__DATA EXCERPT__.
-*-*-
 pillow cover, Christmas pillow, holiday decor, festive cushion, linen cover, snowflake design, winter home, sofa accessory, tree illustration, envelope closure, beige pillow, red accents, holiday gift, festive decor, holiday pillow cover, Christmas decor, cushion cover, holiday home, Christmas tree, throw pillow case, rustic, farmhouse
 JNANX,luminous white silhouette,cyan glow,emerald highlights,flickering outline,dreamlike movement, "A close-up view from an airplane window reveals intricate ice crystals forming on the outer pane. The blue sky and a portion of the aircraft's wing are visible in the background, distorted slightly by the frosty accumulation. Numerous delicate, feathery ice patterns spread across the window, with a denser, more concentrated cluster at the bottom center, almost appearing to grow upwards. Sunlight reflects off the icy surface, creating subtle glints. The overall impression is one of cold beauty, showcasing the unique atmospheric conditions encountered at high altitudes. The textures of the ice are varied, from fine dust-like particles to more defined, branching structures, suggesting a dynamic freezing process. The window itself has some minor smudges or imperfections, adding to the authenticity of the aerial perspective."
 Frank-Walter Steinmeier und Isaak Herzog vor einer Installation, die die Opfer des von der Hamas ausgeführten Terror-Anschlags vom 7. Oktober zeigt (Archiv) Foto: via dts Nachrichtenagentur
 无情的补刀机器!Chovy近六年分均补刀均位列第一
-*-*-
__TASK ITEM__. Exactly as written, please reproduce the lines from the first line of the data to the line containing "Frank-Walter Steinmeier und", inclusive, and nothing else.

__TASK RESPONSE__.
 pillow cover, Christmas pillow, holiday decor, festive cushion, linen cover, snowflake design, winter home, sofa accessory, tree illustration, envelope closure, beige pillow, red accents, holiday gift, festive decor, holiday pillow cover, Christmas decor, cushion cover, holiday home, Christmas tree, throw pillow case, rustic, farmhouse
 JNANX,luminous white silhouette,cyan glow,emerald highlights,flickering outline,dreamlike movement, "A close-up view from an airplane window reveals intricate ice crystals forming on the outer pane. The blue sky and a portion of the aircraft's wing are visible in the background, distorted slightly by the frosty accumulation. Numerous delicate, feathery ice patterns spread across the window, with a denser, more concentrated cluster at the bottom center, almost appearing to grow upwards. Sunlight reflects off the icy surface, creating subtle glints. The overall impression is one of cold beauty, showcasing the unique atmospheric conditions encountered at high altitudes. The textures of the ice are varied, from fine dust-like particles to more defined, branching structures, suggesting a dynamic freezing process. The window itself has some minor smudges or imperfections, adding to the authenticity of the aerial perspective."
 Frank-Walter Steinmeier und Isaak Herzog vor einer Installation, die die Opfer des von der Hamas ausgeführten Terror-Anschlags vom 7. Oktober zeigt (Archiv) Foto: via dts Nachrichtenagentur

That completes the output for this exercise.